## WHAT IS BEING ASKED
Retype the listing below line for line, but only from the line with "SYRACUSE, NY (WSYR-TV)" down to the line with "本次試驗采用的壓力表精度等級為2. 5 ,量", inclusive. Pictures stay out.

## SOURCE INFORMATION
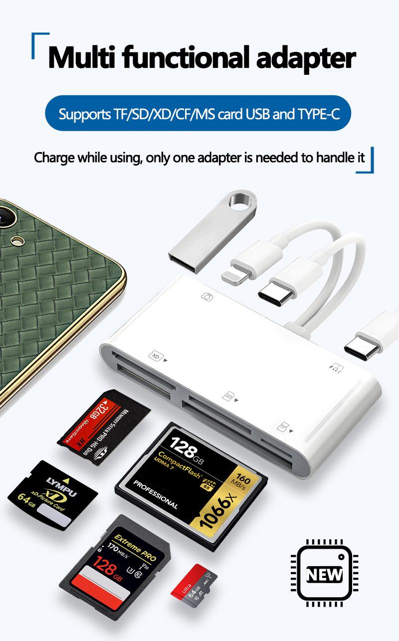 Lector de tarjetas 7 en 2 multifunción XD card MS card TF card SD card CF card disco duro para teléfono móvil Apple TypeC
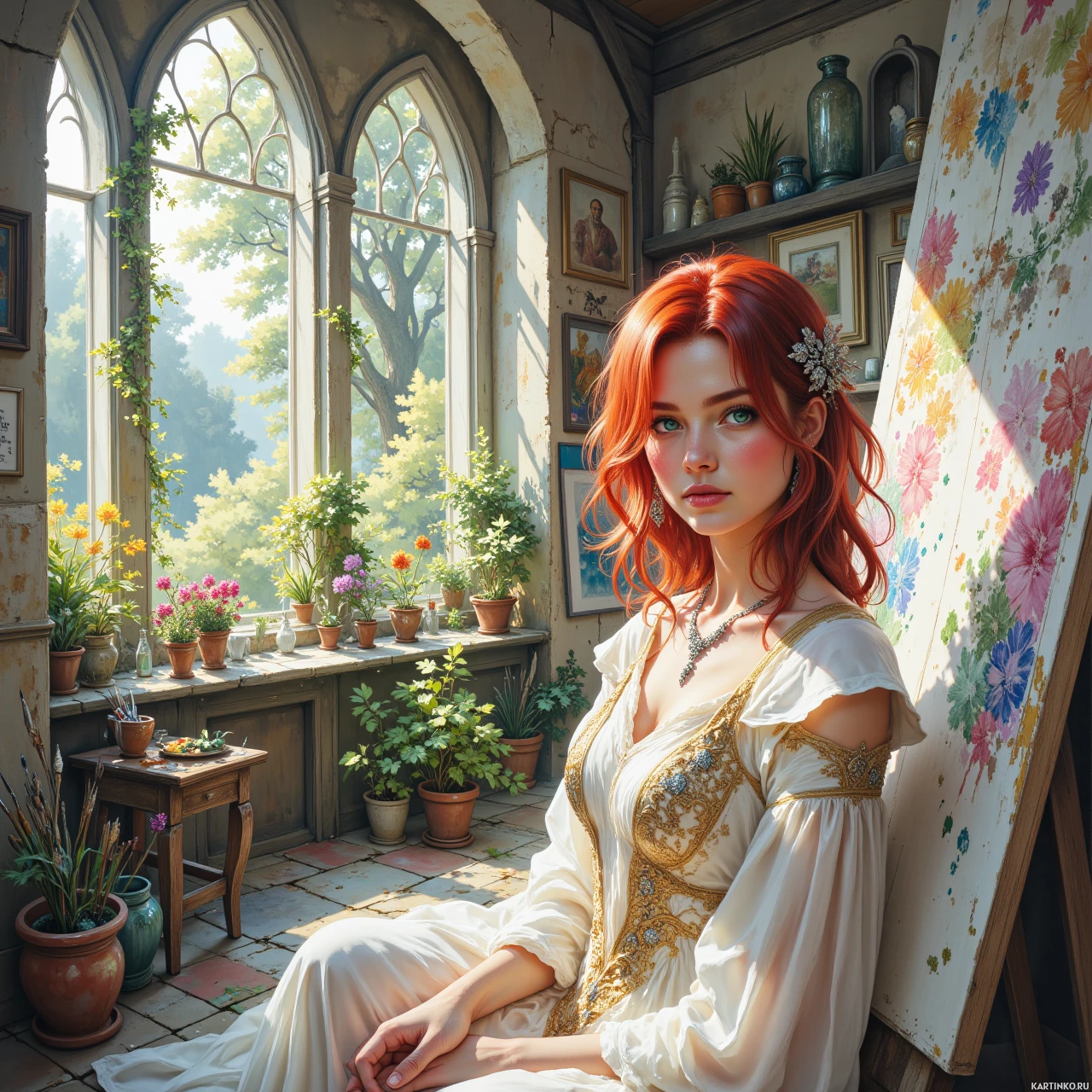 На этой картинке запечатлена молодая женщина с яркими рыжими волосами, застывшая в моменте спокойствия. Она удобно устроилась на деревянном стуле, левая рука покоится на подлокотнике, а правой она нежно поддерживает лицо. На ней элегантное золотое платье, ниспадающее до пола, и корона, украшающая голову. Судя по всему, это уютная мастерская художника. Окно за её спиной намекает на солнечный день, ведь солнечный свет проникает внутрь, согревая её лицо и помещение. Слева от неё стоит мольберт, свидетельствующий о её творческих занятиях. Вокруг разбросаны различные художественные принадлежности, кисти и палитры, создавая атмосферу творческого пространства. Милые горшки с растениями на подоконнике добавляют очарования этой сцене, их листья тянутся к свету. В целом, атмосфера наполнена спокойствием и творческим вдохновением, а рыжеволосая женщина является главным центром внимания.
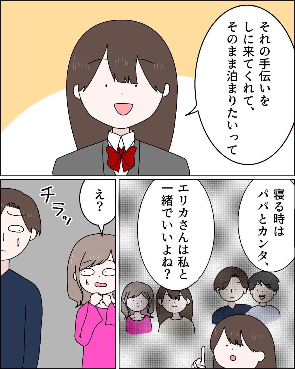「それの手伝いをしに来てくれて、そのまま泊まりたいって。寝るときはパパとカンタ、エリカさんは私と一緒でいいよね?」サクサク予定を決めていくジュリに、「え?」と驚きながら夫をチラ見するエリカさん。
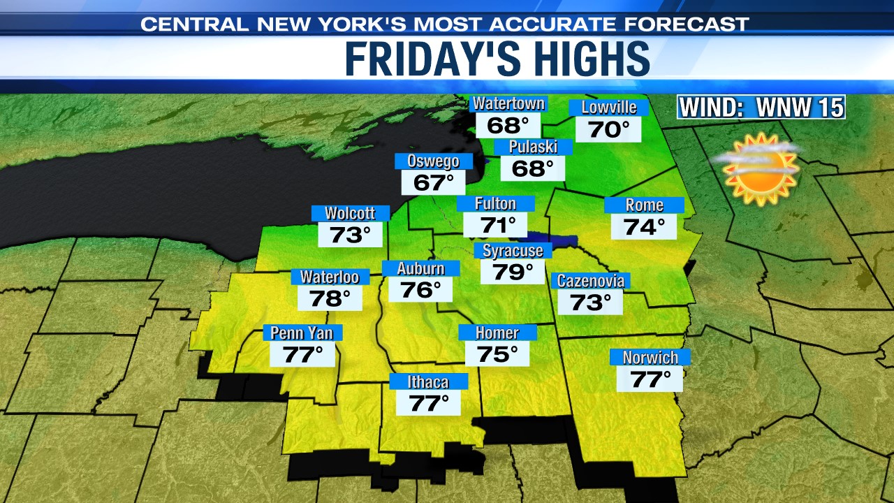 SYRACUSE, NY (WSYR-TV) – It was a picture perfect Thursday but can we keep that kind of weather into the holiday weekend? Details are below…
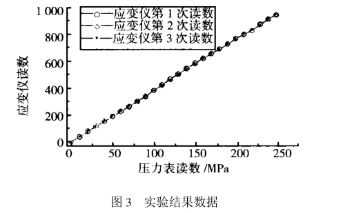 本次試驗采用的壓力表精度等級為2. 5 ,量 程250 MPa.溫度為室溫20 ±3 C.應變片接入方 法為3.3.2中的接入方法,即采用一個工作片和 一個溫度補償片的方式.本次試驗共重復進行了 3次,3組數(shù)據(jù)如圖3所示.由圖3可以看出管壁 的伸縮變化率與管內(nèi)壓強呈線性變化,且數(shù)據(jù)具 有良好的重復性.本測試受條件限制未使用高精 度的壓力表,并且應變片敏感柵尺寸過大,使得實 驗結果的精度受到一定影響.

---

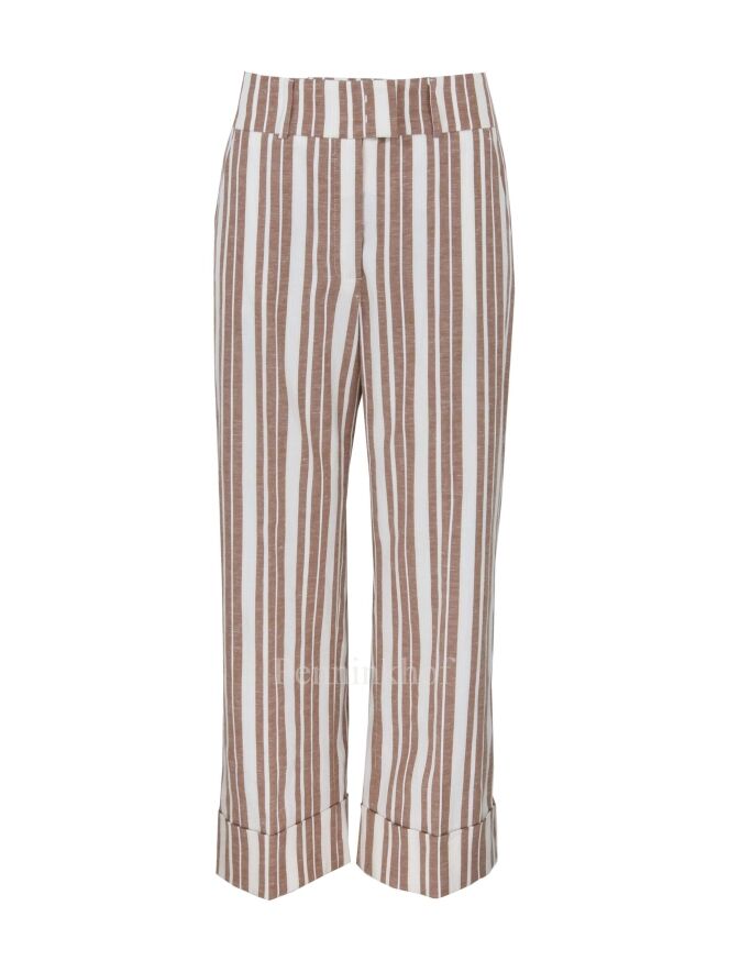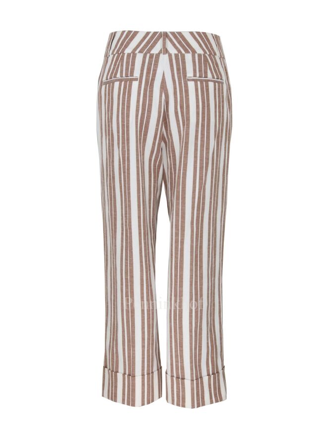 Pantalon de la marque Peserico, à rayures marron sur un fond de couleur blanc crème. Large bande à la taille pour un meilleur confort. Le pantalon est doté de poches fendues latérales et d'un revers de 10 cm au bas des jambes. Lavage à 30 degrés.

* * *

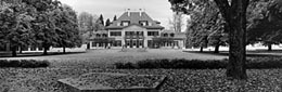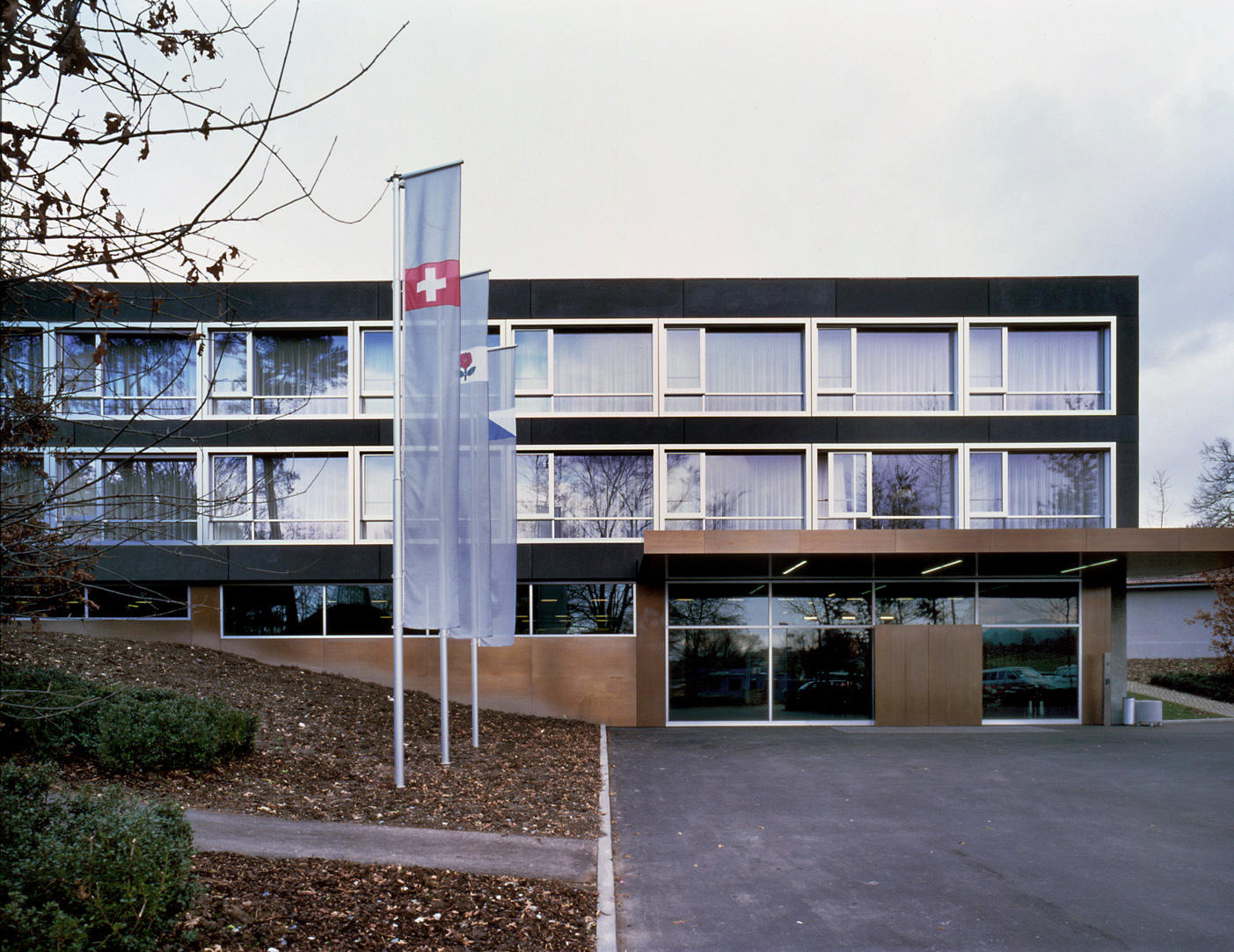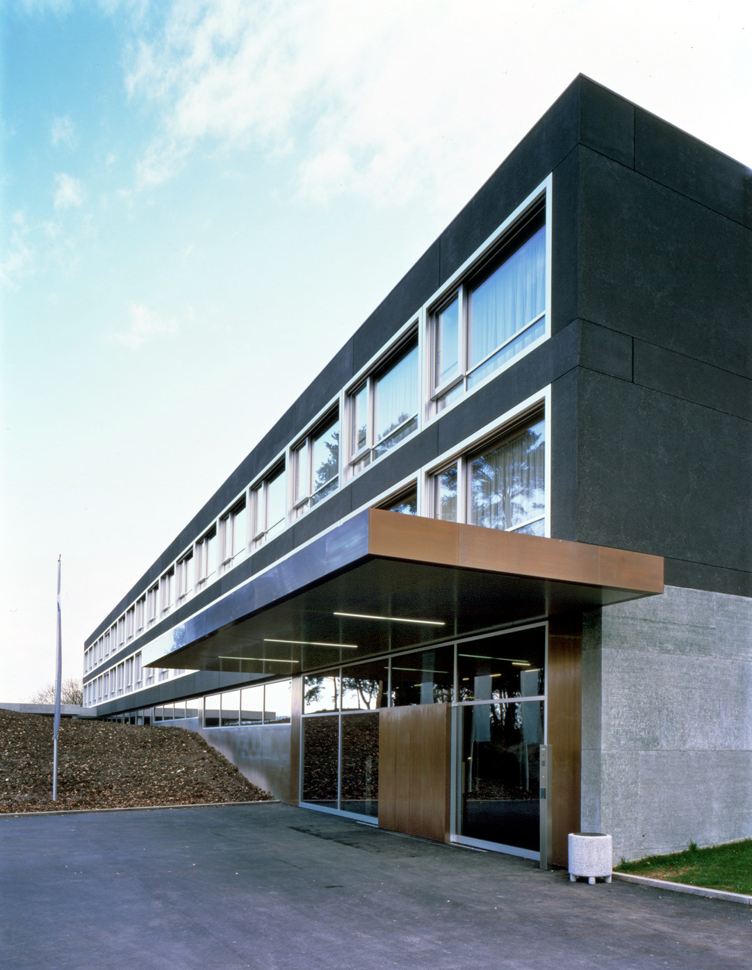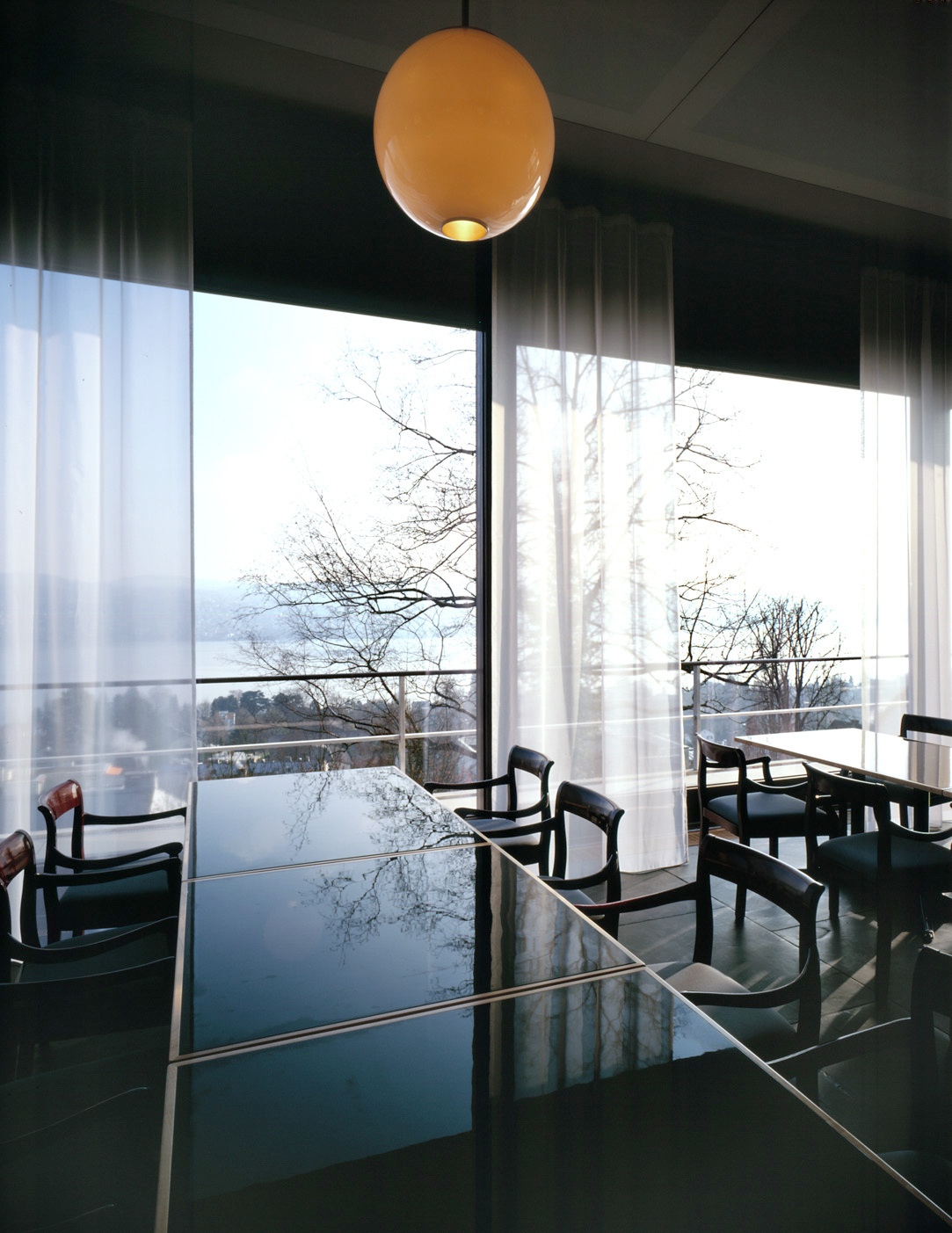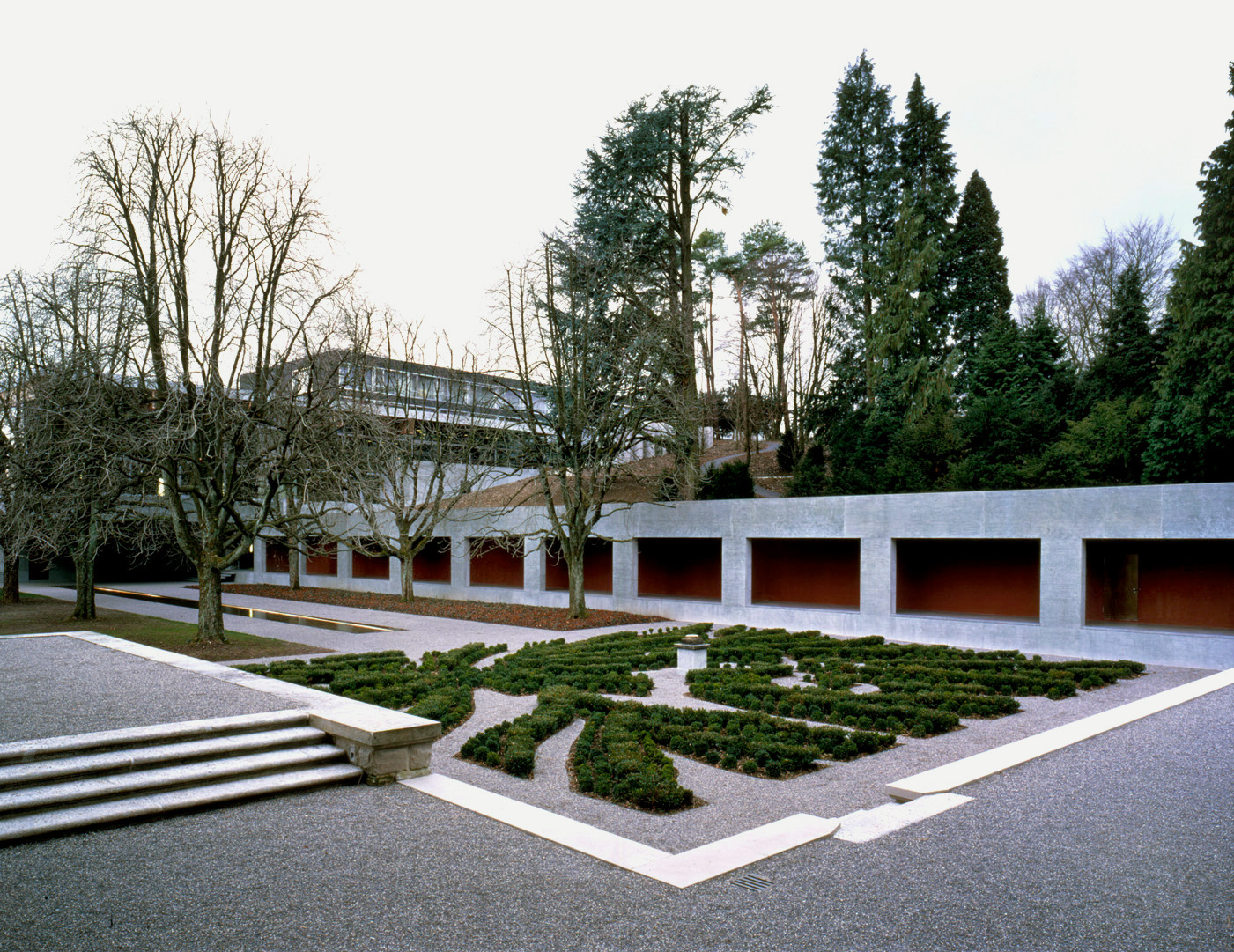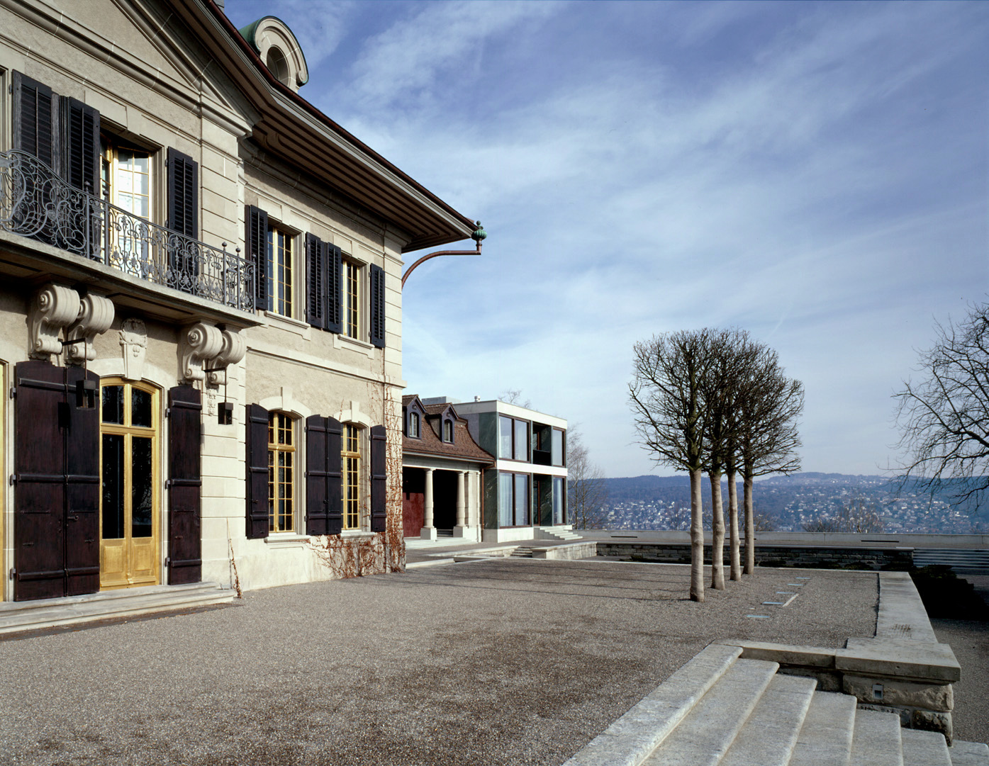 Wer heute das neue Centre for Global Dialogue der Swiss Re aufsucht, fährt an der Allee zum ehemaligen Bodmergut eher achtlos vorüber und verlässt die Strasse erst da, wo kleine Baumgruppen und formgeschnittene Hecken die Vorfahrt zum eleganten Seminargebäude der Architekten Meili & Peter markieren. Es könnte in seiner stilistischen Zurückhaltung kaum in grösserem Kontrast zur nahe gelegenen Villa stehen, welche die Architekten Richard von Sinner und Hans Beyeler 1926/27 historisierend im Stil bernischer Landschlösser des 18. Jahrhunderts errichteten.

## ANSWER TO THE PROBLEM
 SYRACUSE, NY (WSYR-TV) – It was a picture perfect Thursday but can we keep that kind of weather into the holiday weekend? Details are below…
 本次試驗采用的壓力表精度等級為2. 5 ,量 程250 MPa.溫度為室溫20 ±3 C.應變片接入方 法為3.3.2中的接入方法,即采用一個工作片和 一個溫度補償片的方式.本次試驗共重復進行了 3次,3組數(shù)據(jù)如圖3所示.由圖3可以看出管壁 的伸縮變化率與管內(nèi)壓強呈線性變化,且數(shù)據(jù)具 有良好的重復性.本測試受條件限制未使用高精 度的壓力表,并且應變片敏感柵尺寸過大,使得實 驗結果的精度受到一定影響.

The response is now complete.